### Data ###

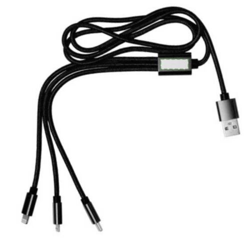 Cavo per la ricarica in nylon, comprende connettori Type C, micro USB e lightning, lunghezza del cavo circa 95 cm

###
### Data ###

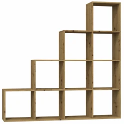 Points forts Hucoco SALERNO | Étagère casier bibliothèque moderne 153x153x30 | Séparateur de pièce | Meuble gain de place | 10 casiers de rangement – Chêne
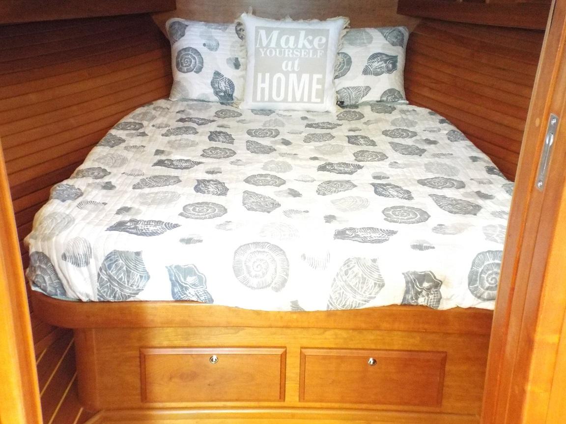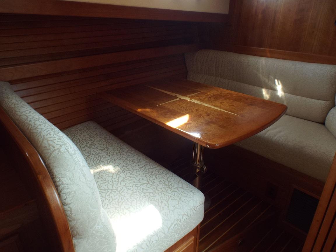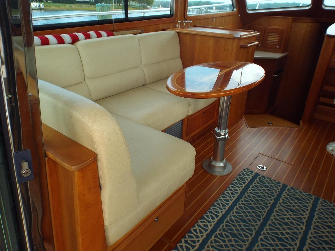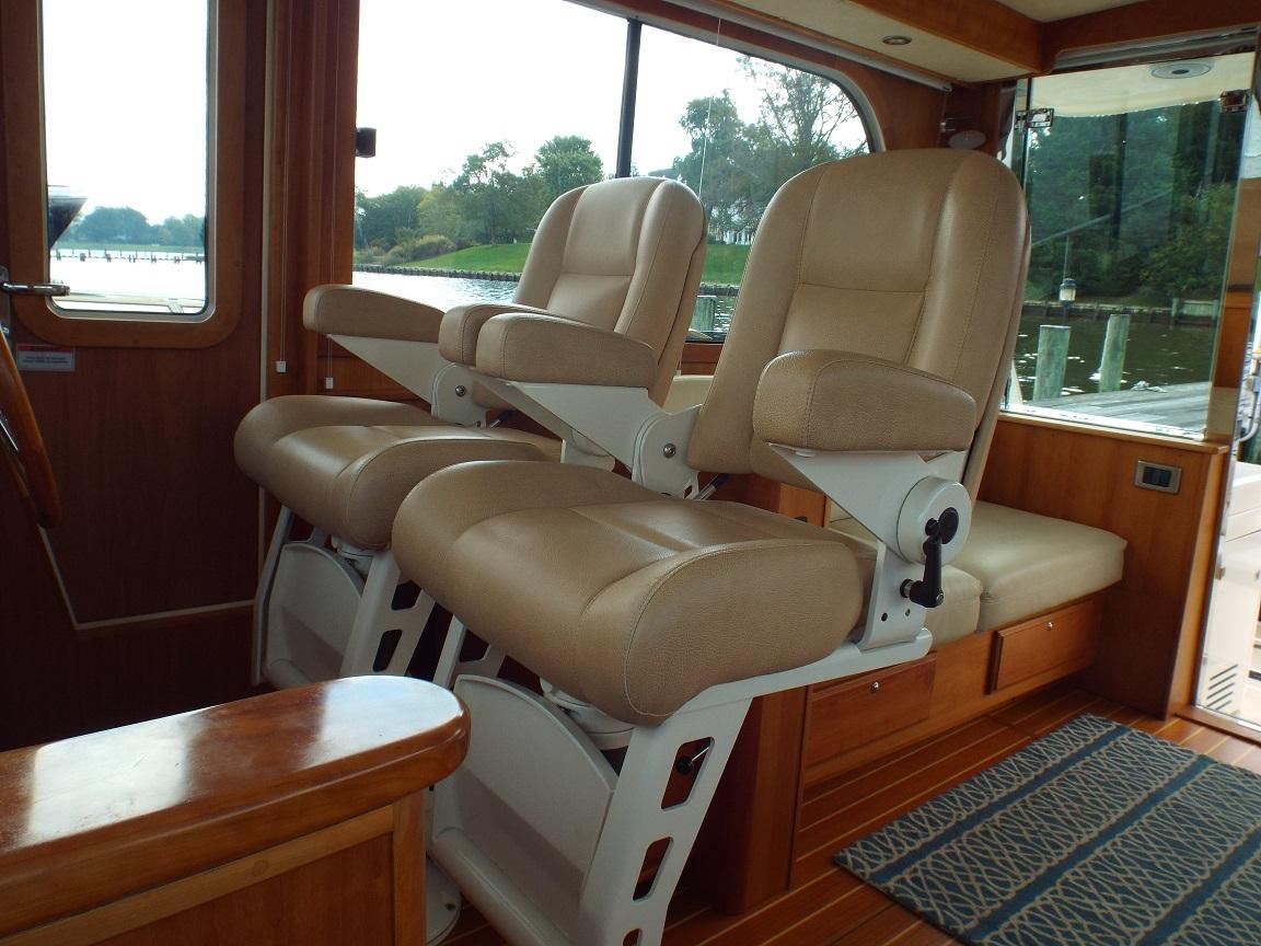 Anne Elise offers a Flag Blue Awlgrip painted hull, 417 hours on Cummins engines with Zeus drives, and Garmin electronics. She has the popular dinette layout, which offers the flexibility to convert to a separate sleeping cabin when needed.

###

Return exactly the lines above, from the one with "Points forts Hucoco" up to and including the one with "Anne Elise offers", and include no pictures.

 Points forts Hucoco SALERNO | Étagère casier bibliothèque moderne 153x153x30 | Séparateur de pièce | Meuble gain de place | 10 casiers de rangement – Chêne
 Anne Elise offers a Flag Blue Awlgrip painted hull, 417 hours on Cummins engines with Zeus drives, and Garmin electronics. She has the popular dinette layout, which offers the flexibility to convert to a separate sleeping cabin when needed.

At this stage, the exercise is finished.